■ **Records to use**:
===============
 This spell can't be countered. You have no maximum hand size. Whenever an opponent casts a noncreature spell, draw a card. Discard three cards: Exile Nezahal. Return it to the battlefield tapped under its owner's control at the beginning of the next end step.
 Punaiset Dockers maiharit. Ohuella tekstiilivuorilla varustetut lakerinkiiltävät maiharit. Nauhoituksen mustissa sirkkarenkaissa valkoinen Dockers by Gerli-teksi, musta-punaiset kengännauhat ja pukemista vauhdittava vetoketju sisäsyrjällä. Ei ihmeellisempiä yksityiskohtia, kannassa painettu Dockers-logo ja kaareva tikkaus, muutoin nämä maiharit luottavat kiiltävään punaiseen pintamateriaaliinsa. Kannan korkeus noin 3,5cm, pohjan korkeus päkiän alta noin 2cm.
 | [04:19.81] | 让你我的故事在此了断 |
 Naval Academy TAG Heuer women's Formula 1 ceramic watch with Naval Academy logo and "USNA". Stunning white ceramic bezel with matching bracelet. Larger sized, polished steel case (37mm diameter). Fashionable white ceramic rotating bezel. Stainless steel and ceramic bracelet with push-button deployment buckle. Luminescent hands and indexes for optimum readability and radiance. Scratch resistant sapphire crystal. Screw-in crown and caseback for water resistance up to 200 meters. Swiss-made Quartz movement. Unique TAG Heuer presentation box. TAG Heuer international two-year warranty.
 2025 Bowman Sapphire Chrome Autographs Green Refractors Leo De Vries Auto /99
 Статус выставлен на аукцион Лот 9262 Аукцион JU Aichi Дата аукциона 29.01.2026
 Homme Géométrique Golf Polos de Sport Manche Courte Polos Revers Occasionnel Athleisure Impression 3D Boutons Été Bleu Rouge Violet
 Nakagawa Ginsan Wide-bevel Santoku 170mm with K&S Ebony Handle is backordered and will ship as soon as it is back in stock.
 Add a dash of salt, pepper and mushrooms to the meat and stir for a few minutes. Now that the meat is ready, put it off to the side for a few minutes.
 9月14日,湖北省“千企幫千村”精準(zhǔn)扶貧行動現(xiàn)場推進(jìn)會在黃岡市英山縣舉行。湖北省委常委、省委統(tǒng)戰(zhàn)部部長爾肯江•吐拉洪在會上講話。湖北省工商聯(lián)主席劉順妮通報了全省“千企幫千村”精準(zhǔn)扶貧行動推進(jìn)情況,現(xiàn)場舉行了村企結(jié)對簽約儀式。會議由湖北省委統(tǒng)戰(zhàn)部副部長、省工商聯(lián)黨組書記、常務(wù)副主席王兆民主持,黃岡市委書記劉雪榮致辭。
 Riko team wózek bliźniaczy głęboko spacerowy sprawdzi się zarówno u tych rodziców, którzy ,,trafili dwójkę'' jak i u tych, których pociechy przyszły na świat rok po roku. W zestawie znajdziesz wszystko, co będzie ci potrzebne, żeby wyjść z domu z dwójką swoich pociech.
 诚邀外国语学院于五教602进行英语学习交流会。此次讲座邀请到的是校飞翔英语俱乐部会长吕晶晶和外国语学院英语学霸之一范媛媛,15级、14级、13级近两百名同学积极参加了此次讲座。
===============
■ **Directions**:
Give back all of the data exactly, with every line intact.

■ **Your solution**:
 This spell can't be countered. You have no maximum hand size. Whenever an opponent casts a noncreature spell, draw a card. Discard three cards: Exile Nezahal. Return it to the battlefield tapped under its owner's control at the beginning of the next end step.
 Punaiset Dockers maiharit. Ohuella tekstiilivuorilla varustetut lakerinkiiltävät maiharit. Nauhoituksen mustissa sirkkarenkaissa valkoinen Dockers by Gerli-teksi, musta-punaiset kengännauhat ja pukemista vauhdittava vetoketju sisäsyrjällä. Ei ihmeellisempiä yksityiskohtia, kannassa painettu Dockers-logo ja kaareva tikkaus, muutoin nämä maiharit luottavat kiiltävään punaiseen pintamateriaaliinsa. Kannan korkeus noin 3,5cm, pohjan korkeus päkiän alta noin 2cm.
 | [04:19.81] | 让你我的故事在此了断 |
 Naval Academy TAG Heuer women's Formula 1 ceramic watch with Naval Academy logo and "USNA". Stunning white ceramic bezel with matching bracelet. Larger sized, polished steel case (37mm diameter). Fashionable white ceramic rotating bezel. Stainless steel and ceramic bracelet with push-button deployment buckle. Luminescent hands and indexes for optimum readability and radiance. Scratch resistant sapphire crystal. Screw-in crown and caseback for water resistance up to 200 meters. Swiss-made Quartz movement. Unique TAG Heuer presentation box. TAG Heuer international two-year warranty.
 2025 Bowman Sapphire Chrome Autographs Green Refractors Leo De Vries Auto /99
 Статус выставлен на аукцион Лот 9262 Аукцион JU Aichi Дата аукциона 29.01.2026
 Homme Géométrique Golf Polos de Sport Manche Courte Polos Revers Occasionnel Athleisure Impression 3D Boutons Été Bleu Rouge Violet
 Nakagawa Ginsan Wide-bevel Santoku 170mm with K&S Ebony Handle is backordered and will ship as soon as it is back in stock.
 Add a dash of salt, pepper and mushrooms to the meat and stir for a few minutes. Now that the meat is ready, put it off to the side for a few minutes.
 9月14日,湖北省“千企幫千村”精準(zhǔn)扶貧行動現(xiàn)場推進(jìn)會在黃岡市英山縣舉行。湖北省委常委、省委統(tǒng)戰(zhàn)部部長爾肯江•吐拉洪在會上講話。湖北省工商聯(lián)主席劉順妮通報了全省“千企幫千村”精準(zhǔn)扶貧行動推進(jìn)情況,現(xiàn)場舉行了村企結(jié)對簽約儀式。會議由湖北省委統(tǒng)戰(zhàn)部副部長、省工商聯(lián)黨組書記、常務(wù)副主席王兆民主持,黃岡市委書記劉雪榮致辭。
 Riko team wózek bliźniaczy głęboko spacerowy sprawdzi się zarówno u tych rodziców, którzy ,,trafili dwójkę'' jak i u tych, których pociechy przyszły na świat rok po roku. W zestawie znajdziesz wszystko, co będzie ci potrzebne, żeby wyjść z domu z dwójką swoich pociech.
 诚邀外国语学院于五教602进行英语学习交流会。此次讲座邀请到的是校飞翔英语俱乐部会长吕晶晶和外国语学院英语学霸之一范媛媛,15级、14级、13级近两百名同学积极参加了此次讲座。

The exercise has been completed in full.